A nomeação de um ministro do Supremo Tribunal Federal (STF) é um daqueles momentos raros em que as engrenagens institucionais do país operam sob alta tensão. Embora o presidente da República detenha a prerrogativa exclusiva de indicar o candidato, o caminho até a cadeira no tribunal é definido por um conjunto rígido de exigências constitucionais. Trata-se de um rito desenhado para equilibrar o impulso do Executivo com a supervisão do Legislativo, de modo a preservar a mais alta corte de decisões puramente unilaterais.
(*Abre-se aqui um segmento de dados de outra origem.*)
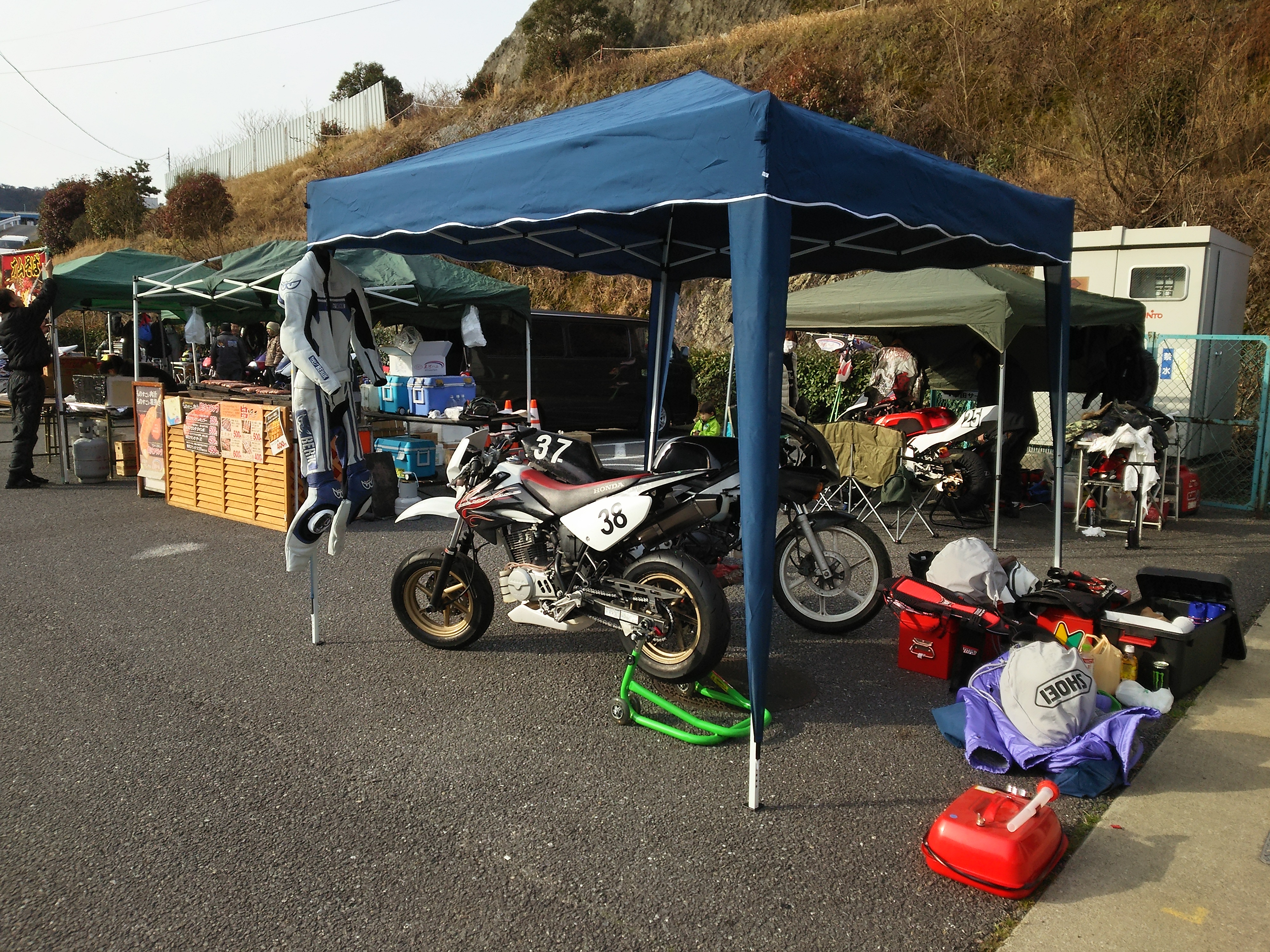 ピットにもまだ入れましたが、バイク屋さんのお客さんの若い子も来る予定だったので、テントを建てることにしました。

Para sequer ser considerado, o indicado precisa atender a uma série de pré-requisitos estritos: ser brasileiro nato, ter entre 35 e 70 anos de idade e possuir "notável saber jurídico" e "reputação ilibada". Esses critérios funcionam como patamar mínimo para o escrutínio intenso que se segue nos corredores do Congresso Nacional, onde decisões anteriores, publicações e conduta pessoal do candidato são expostas sem reservas.
A peça central desse processo é a sabatina no Senado. Nessa sessão, o indicado enfrenta uma bateria de questionamentos da Comissão de Constituição e Justiça, seguida de votação em escrutínio secreto no plenário do Senado. Esse filtro legislativo funciona como verificação final sobre o Executivo, exigindo que a escolha presidencial sobreviva a um teste de caráter político e intelectual antes de o indicado ser autorizado a integrar o colegiado de onze ministros na Praça dos Três Poderes.
Com reportagem de [Exame Inovação].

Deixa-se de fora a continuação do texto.